The process of mapping those genes across organisms is presented in this notebook.


### Preprocessing
The original dataset is presented in the publication associated to TargetMiner [1]. For the preprocessing stage, the RefSeq IDs were converted into Gene symbol IDs using Genomics Biotools [2], then the invalid IDs and duplicates were removed from the dataset.

### Methodology
The proposed methodology for preparing a negative dataset consists of:
- Extracting the H. sapiens (hsa) miRNA sequence.
- Getting the hsa target sequence.
- Finding the homologous miRNA sequences in A. thaliana (ath).
- Getting the homologous target sequence in ath.


### Sequence extraction
To extract the miRNA sequences, a dataset containing all known mature miRNA sequences was downloaded from miRBase [3], whereas to locate the target sequences, the full hsa genome was used [4, 5].

Once the sequences are extracted, they are integrated with the negative dataset [1].


In [17]:
# Load the FASTA file containing all known miRNA sequences for all organisms.
with open('data/mature_mirna_all_organisms.fa') as f:
    mature_mirnas = f.read().split('>')[1:]
    f.close()

# Isolate H. sapiens (hsa) and A. thaliana (ath) sequences.
hsa_mature_mirnas_dict = {mirna.split(' ')[0]: mirna.split('\n')[1]
                          for mirna in mature_mirnas
                          if 'hsa' in mirna}

ath_mature_mirnas_dict = {mirna.split('\n')[1]: mirna.split(' ')[0]
                          for mirna in mature_mirnas
                          if 'ath' in mirna}

print(f'Total hsa miRNAs: {len(hsa_mature_mirnas_dict)}')
print(f'Total ath miRNAs: {len(ath_mature_mirnas_dict)}')


Total hsa miRNAs: 2655
Total ath miRNAs: 359


In [11]:
# Load the list of miRNAs included in the negative dataset [1].
with open('data/negative_pairs/hsa_mirnas.txt') as f:
    hsa_negative_mirnas = f.read().split('\n')
    f.close()


In [12]:
# Match the negative dataset [1] miRNAs with the respective mature miRNA miRBase [3] sequence.
hsa_negative_mirnas_seq = [hsa_mature_mirnas_dict[mirna]
                           if mirna in hsa_mature_mirnas_dict.keys() else mirna
                           for mirna in hsa_negative_mirnas]

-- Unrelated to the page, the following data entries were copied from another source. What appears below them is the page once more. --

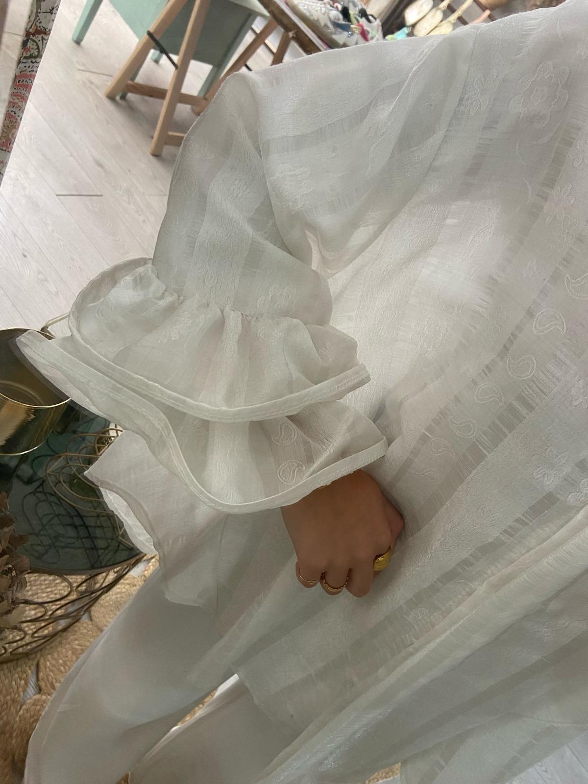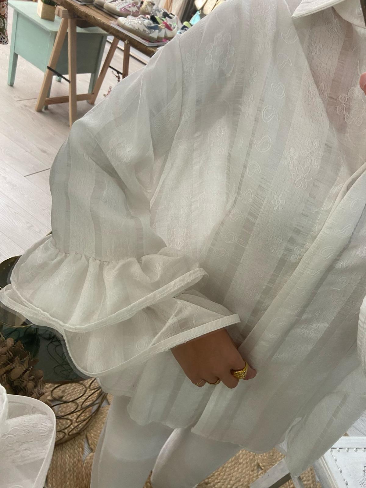 Camisa com botões oversized acetinada branca com manga flare. Estampado de flores e riscas no tecido. Camisa mais comprida na parte de trás. Tecido com ligeira transparência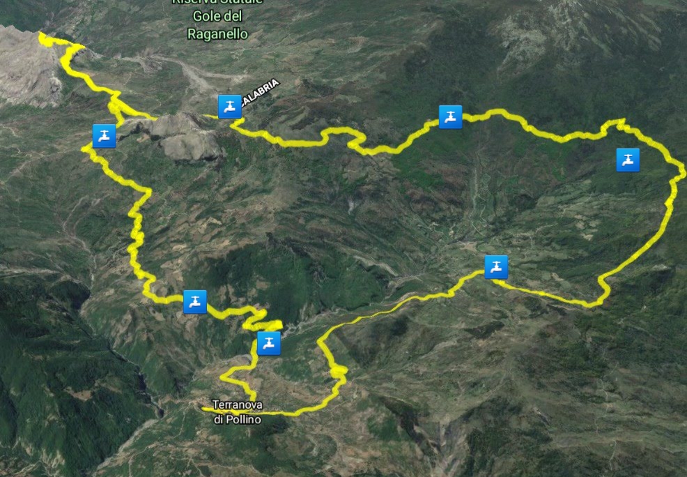 DESCRIZIONE: Si parte dal Centro abitato di Terranova di Pollino in direzione della Frazione di “ Destra delle Donne”. Dopo un primo tratto su in discesa su strada asfaltata, si inizia a salire con pendenze abbastanza sostenute. Dopo circa 4 km , superata una fontana sulla sinistra , si trova un incrocio. Se si continua verso destra la strada continua con asfalto , mentre a sinistra, superata la vecchia scuola della Frazione, si prosegue in salita su strada sterrata con pendenza abbastanza sostenuta. L’ itinerario ritorna poi su asfalto in direzione di ” Serra Scorsillo” linea di confine tra Basilicata e Calabria.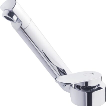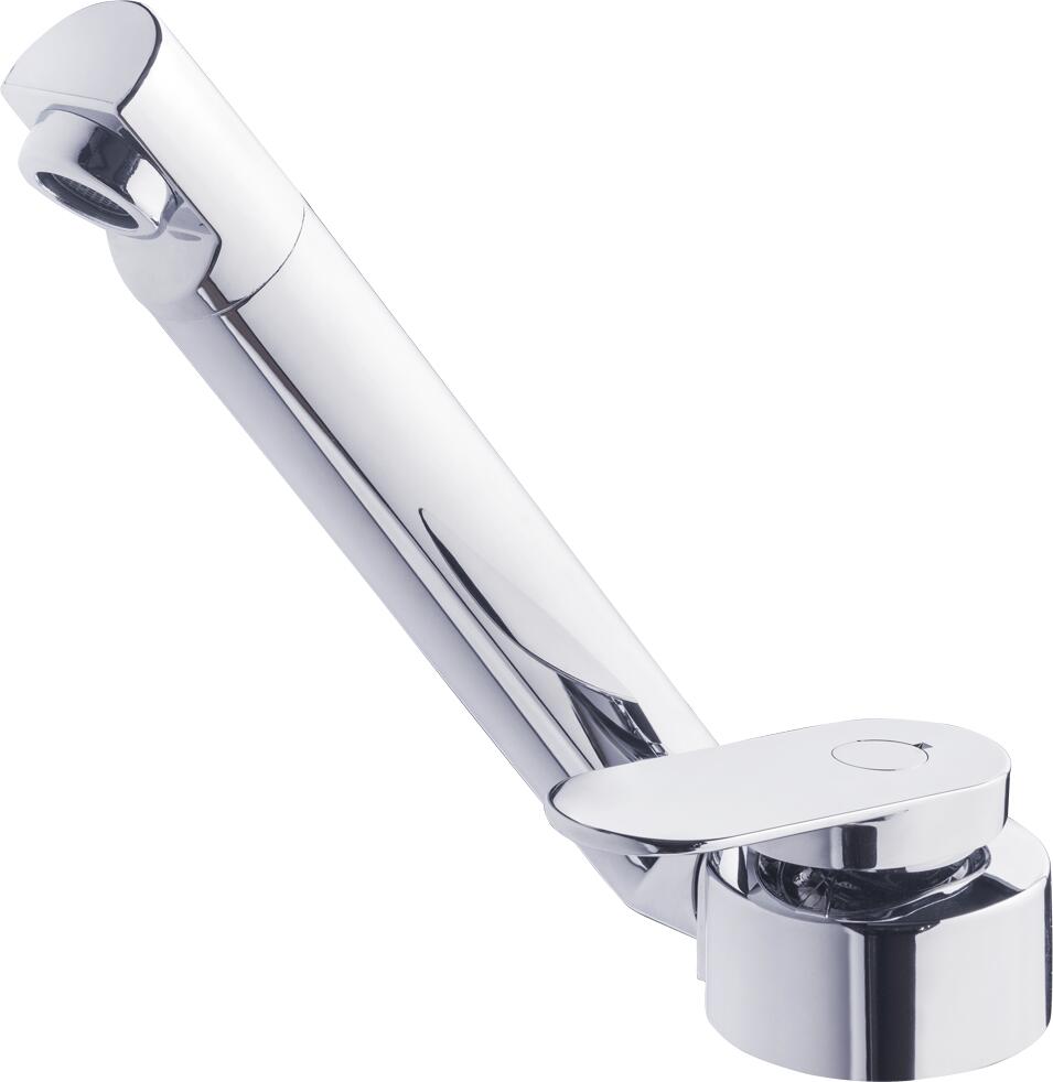Moderne, kompakte Kunststoff armatur für Küche, Dusche und Bad. Abklappbares, gerades Auslaufrohr mit drehbarem Perlator. Mit Schalter und Keramikkartusche, welche bei eingebautem Hahn getauscht werden kann. Moderne, kompakte Kunststoff armatur für Küche, Dusche und Bad Mit Schalter und Keramikkartusche Druckbeständig und Temperaturfest Technische Daten: Höhe: 40 mm Auslauflänge: 170 mm Bohrung: Ø 33 mm Gewicht: 180 g Farbe: chrom Material: kunststoff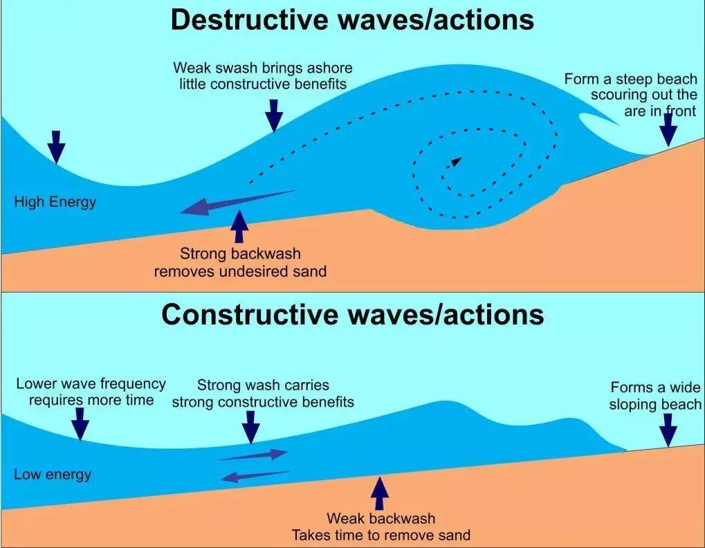 On the other hand, destructive waves possess a shorter wavelength and greater wave height. They have a more intense breaking force as they reach the shoreline, causing erosion and removal of sediment from the beach. The backwash of these waves is stronger than the swash, pulling sand and other materials seaward. Destructive waves are often observed during storms or periods of high wind and generate significant wave energy that can erode cliffs, undercut bluffs, and reshape the coastline. The erosive power of destructive waves contributes to the formation of sea caves, sea arches, and other coastal landforms.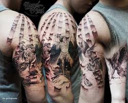 Amazing Man Left Half Sleeve Fallen Angel Tattoo Design Trending Tattoo Ideas Fallen Angel Tattoo Angel Tattoo Tattoos For Guys

# Create a separate file holding only the sequences.
with open('data/negative_pairs/hsa_mirnas_seq.txt', 'w') as f:
    f.write('\n'.join(hsa_negative_mirnas_seq))
    f.close()


In [13]:
# Get the hsa target sequences from Human genome.
with open('data/hsa/GCF_000001405.40_GRCh38.p14_rna.fna') as f:
    hsa_genome = f.read().split('>')[1:]
    f.close()

hsa_genome_dict = {gene.split('\n')[0].split('),')[0].split(' (')[-1]: ''.join(gene.split('\n')[1:])
                   for gene in hsa_genome}


In [14]:
# Get the list of hsa target genes included in the negative dataset.
with open('data/negative_pairs/hsa_targets.txt') as f:
    hsa_negative_targets = f.read().split('\n')
    f.close()


In [15]:
# Match the negative hsa target names with the respective sequence from the hsa genome [4, 5].
hsa_negative_targets_seq = [hsa_genome_dict[target] if target in hsa_genome_dict.keys() else '-'
                            for target in hsa_negative_targets]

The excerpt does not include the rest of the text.